Прилив принёс обломки старой шхуны, Отлив унёс ответы «для чего?». О чём шумит прибой и шепчут звёзды? — Жизнь — краткий миг, в нём всяк пред бездной гол. Покоя нет в пучине вечной грёзы. Вселенная не терпит суеты. О чём поёт скворец и плачут звёзды? — Жизнь — миг, а смерть легко сотрёт следы. «Где кормчий?» — Время скрыло в бездне чёрной, Его надежды, страхи и тоску, Прилив принёс обломки старой шхуны И тени их в дар белому песку. О, если б взор сквозь тьму пробился жгучий, Ответом осветив волны строку.Переплетения средневековой андалузской поэзии арабо-мусульманской мистической традиции с античной философской рефлексией создавало уникальный семиотический универсум, стихотворение Саида аль-Хазини предстаёт как сложноорганизованный текст, в котором взаимодействуют несколько уровней смыслопорождения: от буквального до сокровенного, от миметического изображения природных явлений до их символического преображения в метафизический дискурс. В начальных строках — «Прилив принёс обломки старой шхуны, / Отлив унёс ответы „для чего?“» — обнаруживается диалектика прихода и ухода, бытия и небытия, выраженная через природный ритм, который, будучи архетипическим знаком временности, отсылает к суфийской концепции «фана» (исчезновения) и «бака» (пребывания в Боге). Обломки шхуны, выброшенные на берег, маркируют не только следы исчезнувшего корабля-жизни, но и фрагменты человеческого знания, которое, будучи унесённым отливом, превращается в недостижимую тайну («ответы „для чего?“»). Этот мотив утраты, сопряжённый с вечным вопросом о цели существования, восходит к кораническому «Куда бы вы ни обратились, там Лик Аллаха» (2:115), но переосмысливается поэтическим языком, в котором море становится символом божественного непознаваемого (al-ghayb), а берег — пределом человеческого понимания.
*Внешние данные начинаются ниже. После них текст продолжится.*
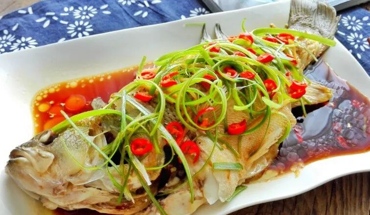 再放上新鲜葱姜丝、小米椒。倒入少许蒸鱼豉油,淋上热油,这道清蒸鲈鱼就做好了,好吃不腻。

Далее, в строке «О чём шумит прибой и шепчут звёзды?», возникает мотив «языка природы», характерный для суфийской натурфилософии, в которой элементы мироздания знаки, требующие более глубокого истолкования. Шум прибоя и шёпот звёзд превращены в элементы универсального симфонического текста, в котором каждая вещь свидетельствует о трансцендентном. Ответ же, данный в следующей строке — «Жизнь — краткий миг, в нём всяк пред бездной гол» — не столько утверждает фатальную краткость существования, сколько актуализирует суфийскую идею «нищеты» твари перед лицом Вечности: человек «гол» не только в смысле экзистенциальной обнажённости, но и в смысле отказа от иллюзорных облачений мирского, чтобы предстать в истинной наготе перед Творцом.
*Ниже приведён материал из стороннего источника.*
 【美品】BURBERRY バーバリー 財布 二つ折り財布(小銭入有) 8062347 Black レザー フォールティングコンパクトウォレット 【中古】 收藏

Образ «пучины вечной грёзы» (ghamrat al-ulm al-azal) требует особого внимания. В нём сливаются мотивы моря, сна и вечности — ключевые для суфийской поэтики. «Грёза» в арабской традиции может означать как сон, так и иллюзию, что отсылает к кораническому сравнению мирской жизни с «игрой и забавой» (6:32), но также и к платоновской концепции мира как тени истинной реальности. Вселенная, которая «не терпит суеты», предстаёт как строгий онтологический порядок, в котором человеческая метания — диссонанс, нарушающий гармонию предустановленного божественного закона.
Второе вопрошание — «О чём поёт скворец и плачут звёзды?» — усиливает мотив вопрошания к миру, но теперь уже с акцентом на звучании (пение птицы) и слёзности (плач звёзд), что вводит в текст тему страдания как неотъемлемого свойства тварного бытия. Ответ же — «Жизнь — миг, а смерть легко сотрёт следы» — звучит ещё более фатально, чем предыдущий, — если в первой части стихотворения бездна была метафорой небытия, то здесь утверждается полная эфемерность человеческого следа, что перекликается с суфийским учением о «несуществовании» всего, кроме Бога.